The "echo chamber" effect is louder when people sought information from a chatbot using large language models (LLMs) than via conventional searches, the team found.

"Even if a chatbot isn’t designed to be biased, its answers reflect the biases or leanings of the person asking the questions. So really, people are getting the answers they want to hear," Xiao said, ahead of presenting the team’s findings at the Association of Computing Machinery’s CHI conference on Human Factors in Computing Systems.

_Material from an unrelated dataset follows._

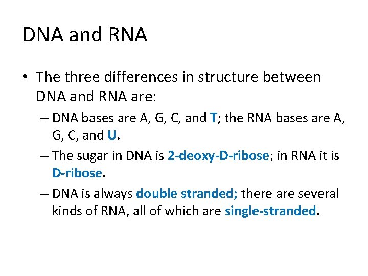 DNA and RNA • The three differences in structure between DNA and RNA are: – DNA bases are A, G, C, and T; the RNA bases are A, G, C, and U. – The sugar in DNA is 2 -deoxy-D-ribose; in RNA it is D-ribose. – DNA is always double stranded; there are several kinds of RNA, all of which are single-stranded.

Research published on May 10 in the science journal Cell Press meanwhile showed AI to be sometimes able to bluff even card sharks while playing poker and to come out best in diplomacy simulations.

The researchers found the bots to be capable a form of sycophancy, as they were "observed to systematically agree with their conversation partners, regardless of the accuracy of their statements" and "to mirror the user’s stance, even if it means forgoing the presentation of an impartial or balanced viewpoint."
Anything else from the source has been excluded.